RECORDED INFORMATION —
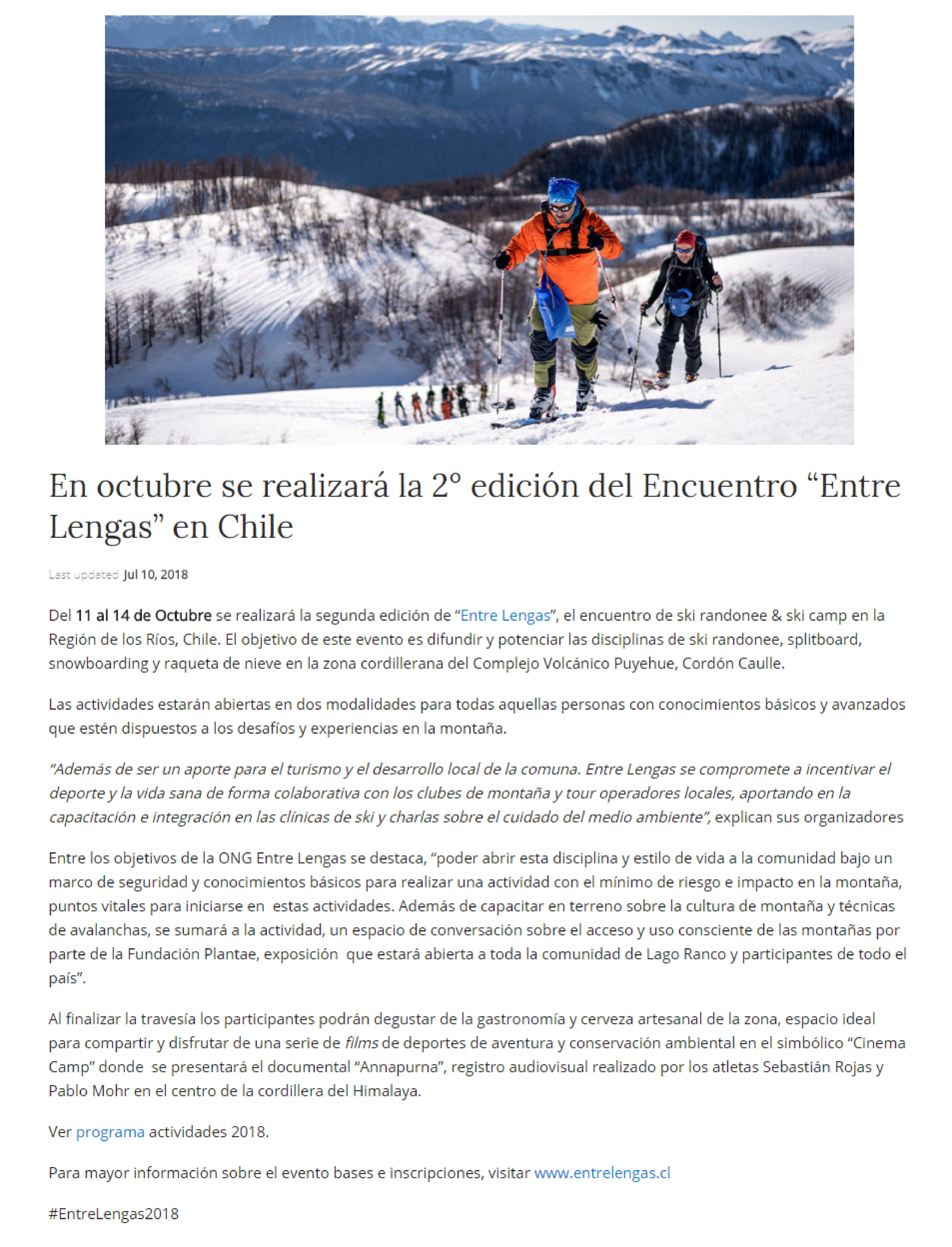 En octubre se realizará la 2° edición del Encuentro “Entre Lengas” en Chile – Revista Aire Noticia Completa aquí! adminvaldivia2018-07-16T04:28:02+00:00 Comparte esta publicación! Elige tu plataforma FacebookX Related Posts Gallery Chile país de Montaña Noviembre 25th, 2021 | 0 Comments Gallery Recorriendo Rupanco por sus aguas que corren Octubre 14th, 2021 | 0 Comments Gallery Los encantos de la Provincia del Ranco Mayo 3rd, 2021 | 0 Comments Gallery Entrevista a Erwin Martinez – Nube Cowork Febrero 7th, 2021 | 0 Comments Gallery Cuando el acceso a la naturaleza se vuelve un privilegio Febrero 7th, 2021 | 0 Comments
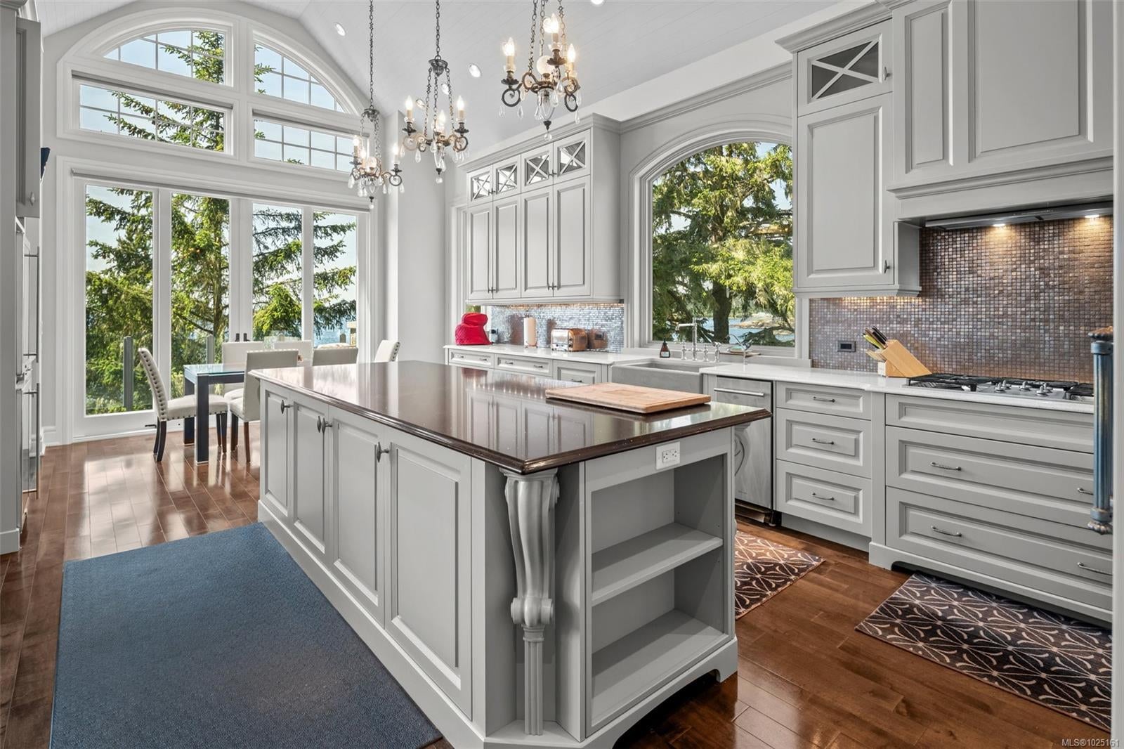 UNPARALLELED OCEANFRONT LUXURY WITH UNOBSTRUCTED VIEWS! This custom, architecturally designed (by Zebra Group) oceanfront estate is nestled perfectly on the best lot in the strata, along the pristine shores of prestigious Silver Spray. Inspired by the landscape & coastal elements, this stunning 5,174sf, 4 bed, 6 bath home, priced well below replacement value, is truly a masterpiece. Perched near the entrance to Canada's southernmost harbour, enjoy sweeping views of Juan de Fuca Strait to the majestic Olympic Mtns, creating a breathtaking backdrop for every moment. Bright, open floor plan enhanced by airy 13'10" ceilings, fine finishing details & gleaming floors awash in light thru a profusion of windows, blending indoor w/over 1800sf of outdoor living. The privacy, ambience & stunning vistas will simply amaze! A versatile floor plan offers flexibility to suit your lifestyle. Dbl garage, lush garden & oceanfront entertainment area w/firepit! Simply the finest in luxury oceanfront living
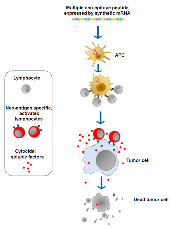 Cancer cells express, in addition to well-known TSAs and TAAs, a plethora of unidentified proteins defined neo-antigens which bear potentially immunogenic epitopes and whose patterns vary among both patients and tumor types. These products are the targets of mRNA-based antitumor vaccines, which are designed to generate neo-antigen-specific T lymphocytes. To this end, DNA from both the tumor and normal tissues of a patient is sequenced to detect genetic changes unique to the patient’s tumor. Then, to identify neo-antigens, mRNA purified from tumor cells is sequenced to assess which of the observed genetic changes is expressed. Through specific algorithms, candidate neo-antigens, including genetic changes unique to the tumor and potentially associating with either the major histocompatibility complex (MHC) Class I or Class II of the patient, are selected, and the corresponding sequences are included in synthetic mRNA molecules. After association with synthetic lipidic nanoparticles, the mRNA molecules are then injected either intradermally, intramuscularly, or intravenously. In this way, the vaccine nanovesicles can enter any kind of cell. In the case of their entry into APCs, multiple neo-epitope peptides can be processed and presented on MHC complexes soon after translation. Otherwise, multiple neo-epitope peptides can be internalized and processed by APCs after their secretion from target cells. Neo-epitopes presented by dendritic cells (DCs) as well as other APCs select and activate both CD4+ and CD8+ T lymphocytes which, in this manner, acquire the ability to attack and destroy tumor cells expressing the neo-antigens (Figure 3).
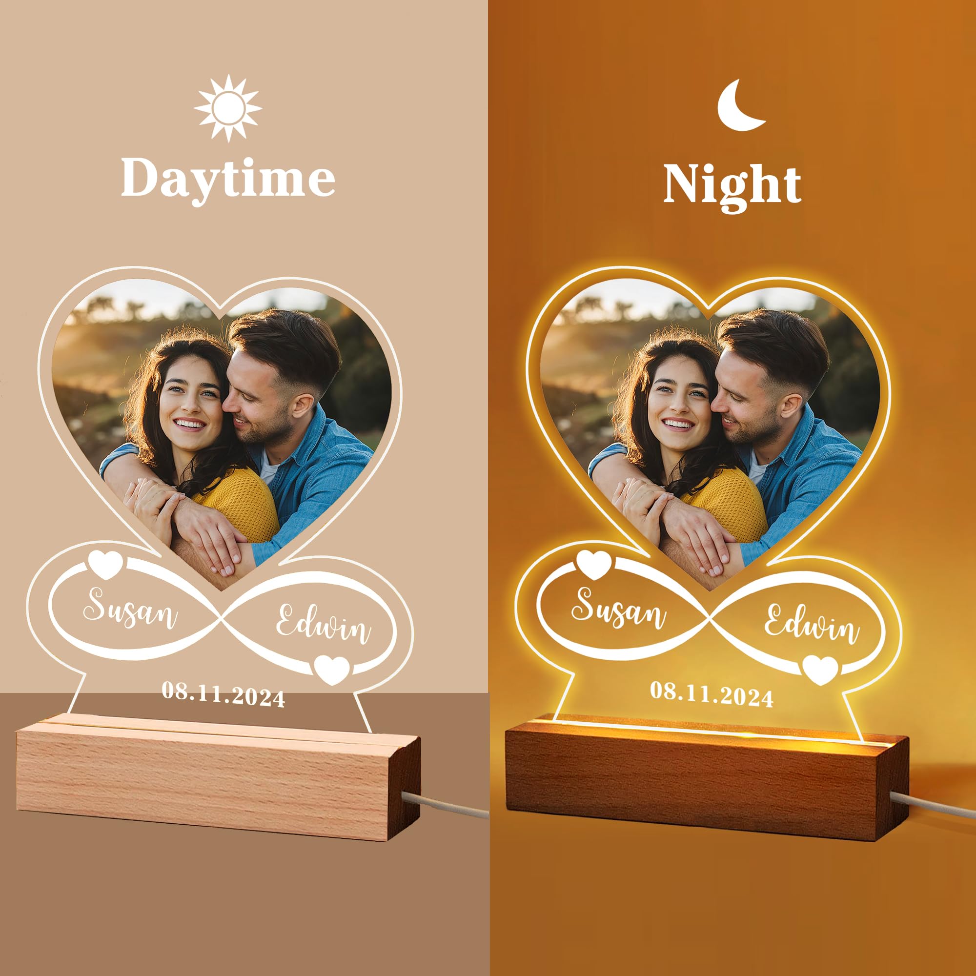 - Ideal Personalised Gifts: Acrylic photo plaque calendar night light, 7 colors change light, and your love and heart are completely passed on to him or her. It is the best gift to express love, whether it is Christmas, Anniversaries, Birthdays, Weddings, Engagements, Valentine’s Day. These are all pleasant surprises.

TASK INSTRUCTIONS —
An exact copy of the listing is required; return it without any pictures.

ANSWER BELOW —
 En octubre se realizará la 2° edición del Encuentro “Entre Lengas” en Chile – Revista Aire Noticia Completa aquí! adminvaldivia2018-07-16T04:28:02+00:00 Comparte esta publicación! Elige tu plataforma FacebookX Related Posts Gallery Chile país de Montaña Noviembre 25th, 2021 | 0 Comments Gallery Recorriendo Rupanco por sus aguas que corren Octubre 14th, 2021 | 0 Comments Gallery Los encantos de la Provincia del Ranco Mayo 3rd, 2021 | 0 Comments Gallery Entrevista a Erwin Martinez – Nube Cowork Febrero 7th, 2021 | 0 Comments Gallery Cuando el acceso a la naturaleza se vuelve un privilegio Febrero 7th, 2021 | 0 Comments
 UNPARALLELED OCEANFRONT LUXURY WITH UNOBSTRUCTED VIEWS! This custom, architecturally designed (by Zebra Group) oceanfront estate is nestled perfectly on the best lot in the strata, along the pristine shores of prestigious Silver Spray. Inspired by the landscape & coastal elements, this stunning 5,174sf, 4 bed, 6 bath home, priced well below replacement value, is truly a masterpiece. Perched near the entrance to Canada's southernmost harbour, enjoy sweeping views of Juan de Fuca Strait to the majestic Olympic Mtns, creating a breathtaking backdrop for every moment. Bright, open floor plan enhanced by airy 13'10" ceilings, fine finishing details & gleaming floors awash in light thru a profusion of windows, blending indoor w/over 1800sf of outdoor living. The privacy, ambience & stunning vistas will simply amaze! A versatile floor plan offers flexibility to suit your lifestyle. Dbl garage, lush garden & oceanfront entertainment area w/firepit! Simply the finest in luxury oceanfront living
 Cancer cells express, in addition to well-known TSAs and TAAs, a plethora of unidentified proteins defined neo-antigens which bear potentially immunogenic epitopes and whose patterns vary among both patients and tumor types. These products are the targets of mRNA-based antitumor vaccines, which are designed to generate neo-antigen-specific T lymphocytes. To this end, DNA from both the tumor and normal tissues of a patient is sequenced to detect genetic changes unique to the patient’s tumor. Then, to identify neo-antigens, mRNA purified from tumor cells is sequenced to assess which of the observed genetic changes is expressed. Through specific algorithms, candidate neo-antigens, including genetic changes unique to the tumor and potentially associating with either the major histocompatibility complex (MHC) Class I or Class II of the patient, are selected, and the corresponding sequences are included in synthetic mRNA molecules. After association with synthetic lipidic nanoparticles, the mRNA molecules are then injected either intradermally, intramuscularly, or intravenously. In this way, the vaccine nanovesicles can enter any kind of cell. In the case of their entry into APCs, multiple neo-epitope peptides can be processed and presented on MHC complexes soon after translation. Otherwise, multiple neo-epitope peptides can be internalized and processed by APCs after their secretion from target cells. Neo-epitopes presented by dendritic cells (DCs) as well as other APCs select and activate both CD4+ and CD8+ T lymphocytes which, in this manner, acquire the ability to attack and destroy tumor cells expressing the neo-antigens (Figure 3).
 - Ideal Personalised Gifts: Acrylic photo plaque calendar night light, 7 colors change light, and your love and heart are completely passed on to him or her. It is the best gift to express love, whether it is Christmas, Anniversaries, Birthdays, Weddings, Engagements, Valentine’s Day. These are all pleasant surprises.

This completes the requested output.